When the Semperoper Dresden opens the premieres of the new season on Saturday (September 3rd), one of the main actors is practically not from this world. Visually, it will shine on stage as an eight-meter-high kinetic light sculpture with LED panels, but artificial intelligence (AI) will be responsible for its actions.
According to the Saxon State Opera, the music theater “Chasing Waterfalls” is the first opera in the world in which an AI creates composition, libretto and interpretation independently and live in phases. In one of seven scenes, the AI alone is in charge, in the others it will interact with real actors as digital twins.
Director and media artist Sven Sören Beyer is fascinated by the interaction between man and machine. “Dancing points of light in the sky, for example, touch us emotionally – regardless of whether they are produced technically or whether they are shooting stars.
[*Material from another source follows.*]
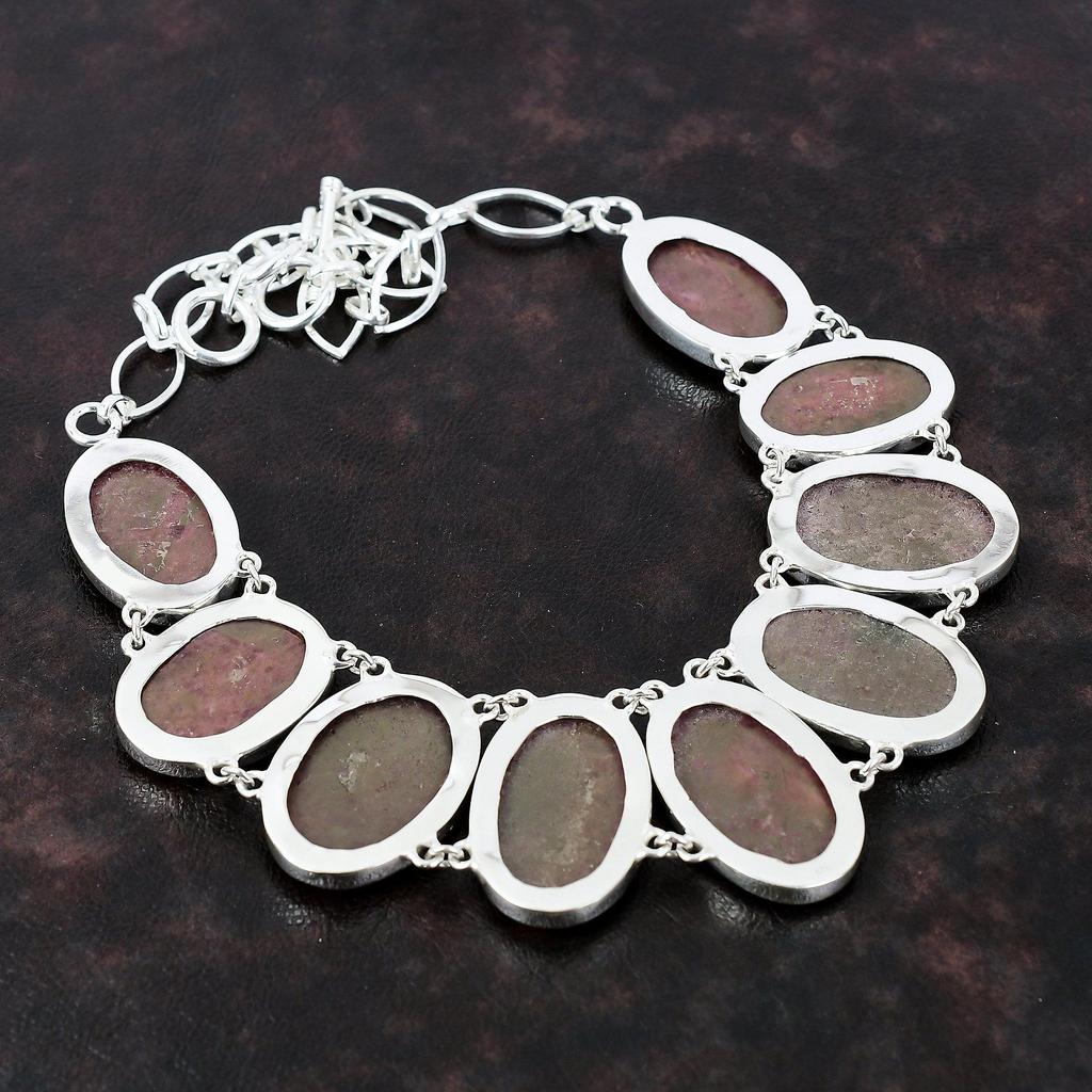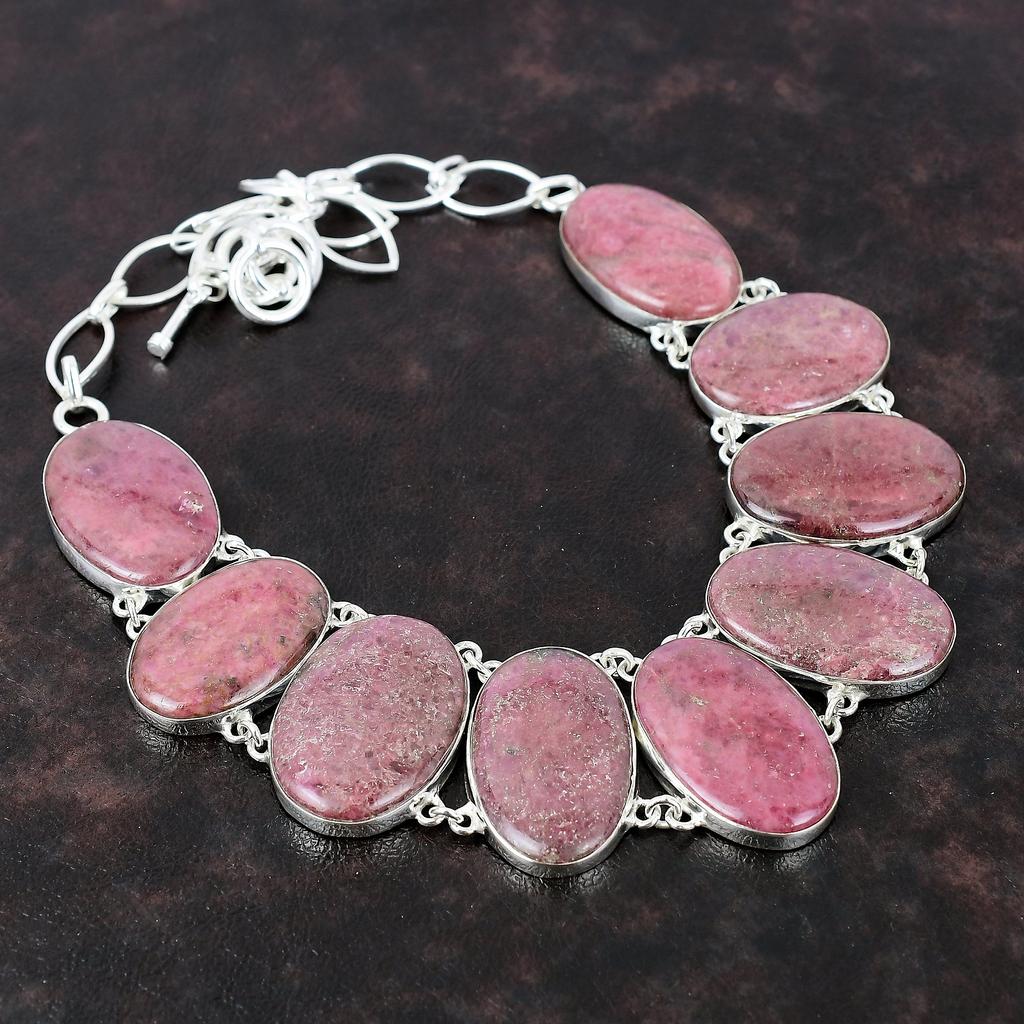 Ожерелье из родонита, ожерелье из стерлингового серебра 925 пробы, ювелирные изделия из настоящего драгоценного камня, регулируемая цепочка ручной работы, модное ювелирное изделие, подарок для мамы

We try to explore these mechanisms artistically: when does technology become emotional, how can you touch people through the use of technology.”
Beyer sees “Chasing Waterfalls” as a critical contribution to the ethical debate about what people will decide for themselves in the future and what they will leave to artificial processes. AI is already screening users on the web and sending them advertising tailored specifically to them. “The digital world has long influenced real decisions.” On the other hand, Beyer sees a great creative opportunity to create something new with AI.
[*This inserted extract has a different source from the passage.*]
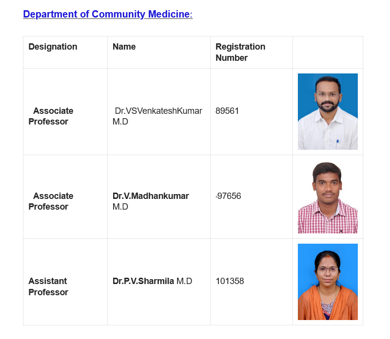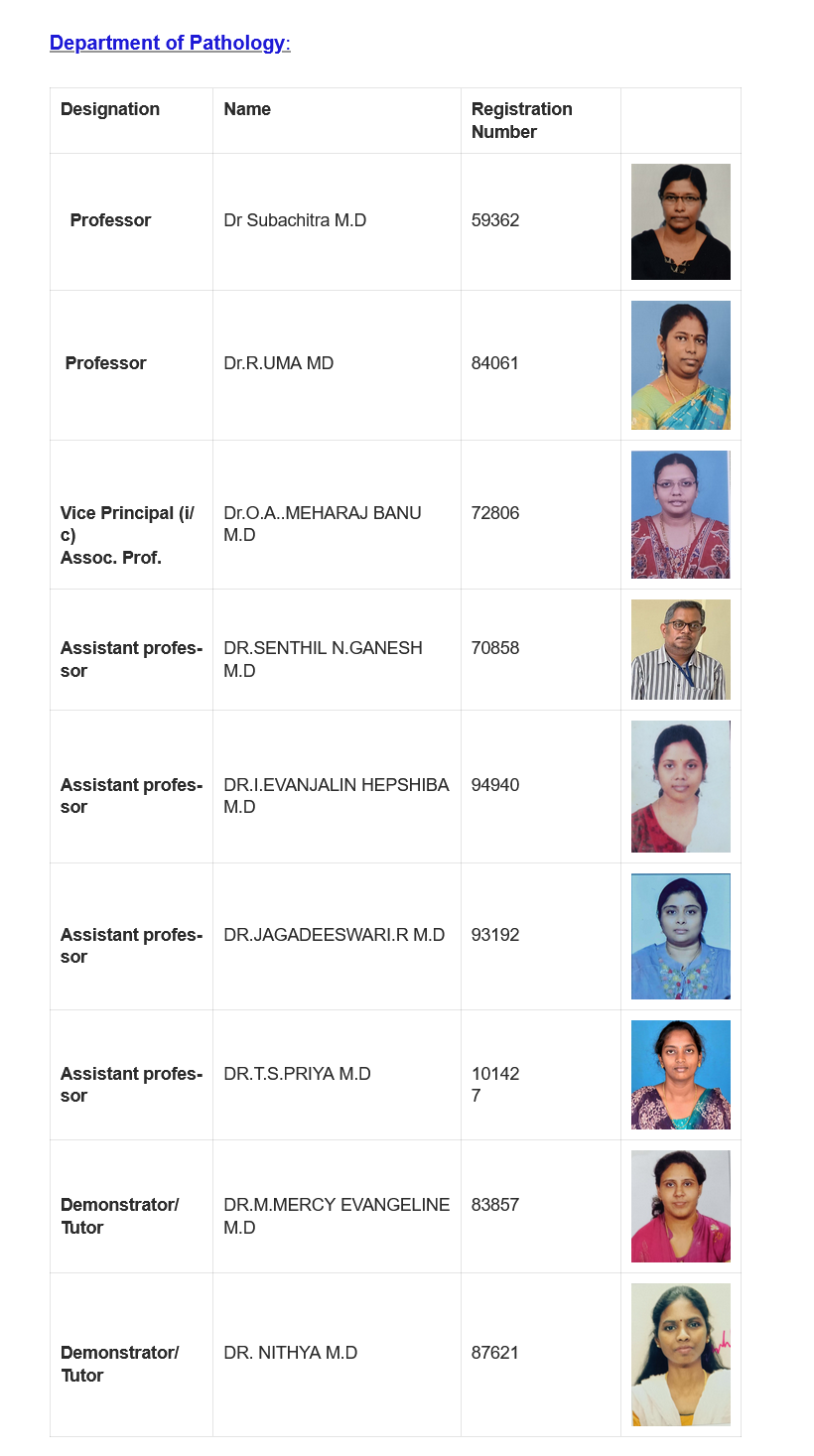Assistant Professor | Dr. R. Preetha M.D., | 75329 | |

This applies not least to the opera business. “It’s exciting to take this step and no longer have everything under control,” he says, referring to the scene in which the artificial intelligence writes, composes and sings its own aria. The Norwegian soprano Eir Inderhaug spent two weeks in a recording studio to equip the AI with the vocals. In terms of content, the AI receives instructions that it develops itself: “Write an opera aria in which you reflect on yourself. You’re allowed to be cynical and humorous.”
AI as a creative partner
The librettist Christiane Neudecker, who also experimented with AI text generators, was initially reserved. But over time, she has accepted AI as a creative partner. “The exchange was surprisingly inspiring, also on a poetic and content level,” says Neudecker. However, the specific text passage is created shortly before the performance. For security reasons, Beyer has to approve every text that the AI writes.
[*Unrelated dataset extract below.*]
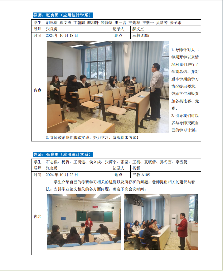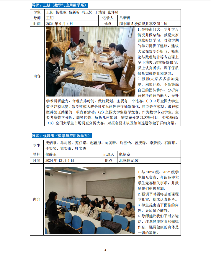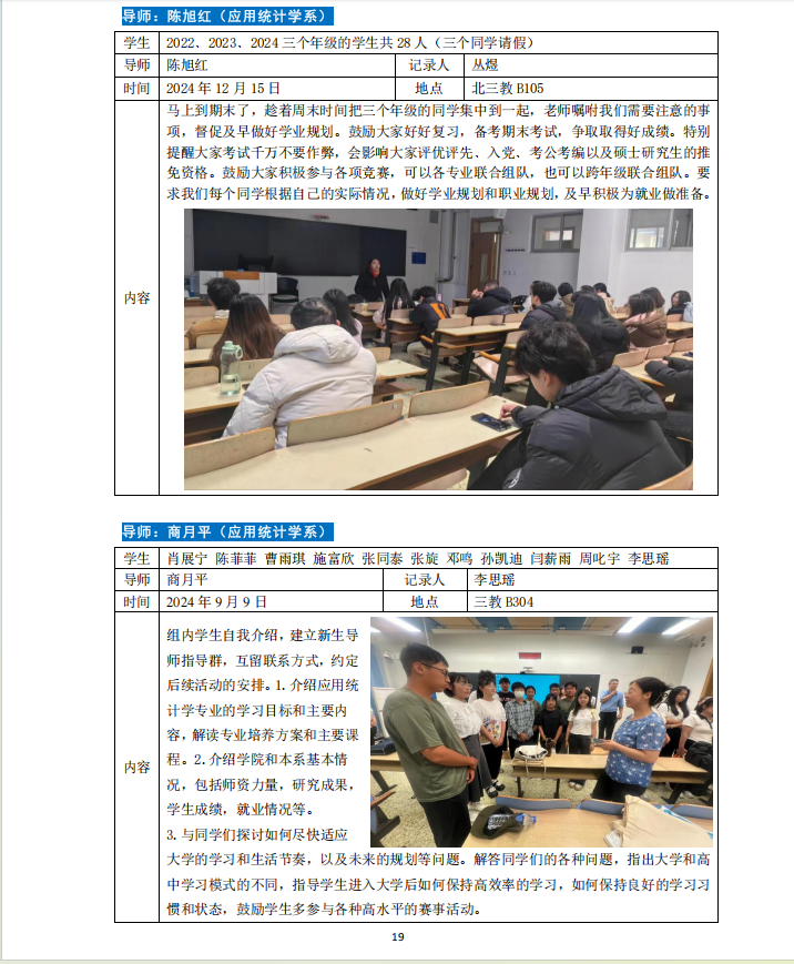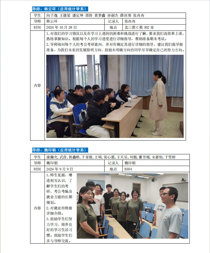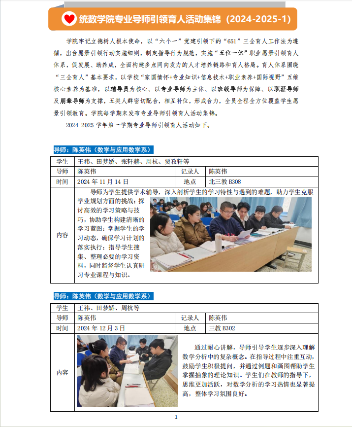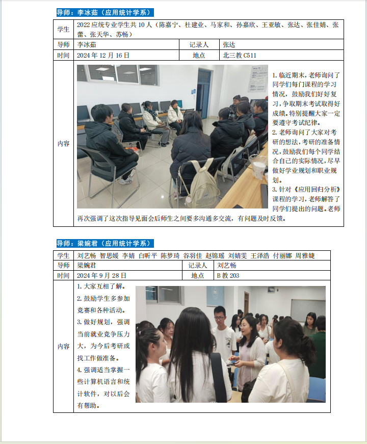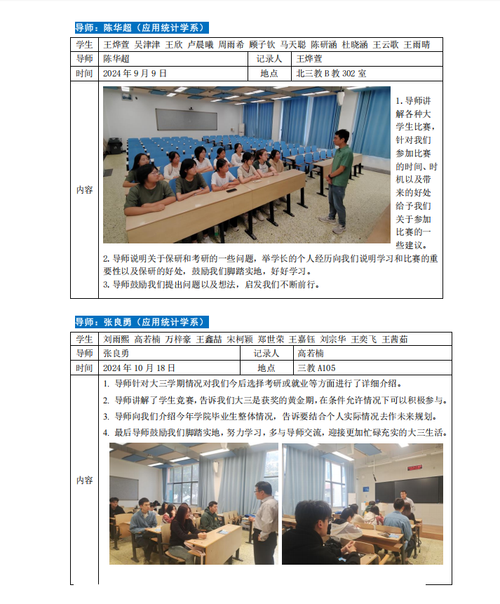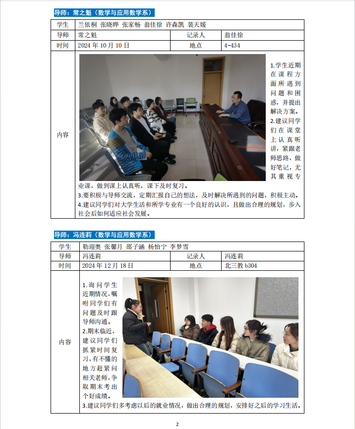 统数学院专业导师引领育人活动集锦(2024-2025-1)

“We are surprised in this one scene. There is now content that we did not know before. That is the experiment,” says Beyer. But that doesn’t apply to the whole opera. “It’s important to us to have a plot line. The human ego gets into an identity crisis in the diversity of its digital projection surfaces and self-portrayals and has to relocate itself.”
The soprano Eir Inderhaug can be experienced as herself and as a digital twin. The approximately 70-minute performance is designed for six vocal soloists, a virtual voice and a chamber orchestra. The Hong Kong artist Angus Lee will conduct the Staatskapelle as co-composer and conductor. In November, the work is to be experienced at the New Vision Arts Festival in Hong Kong.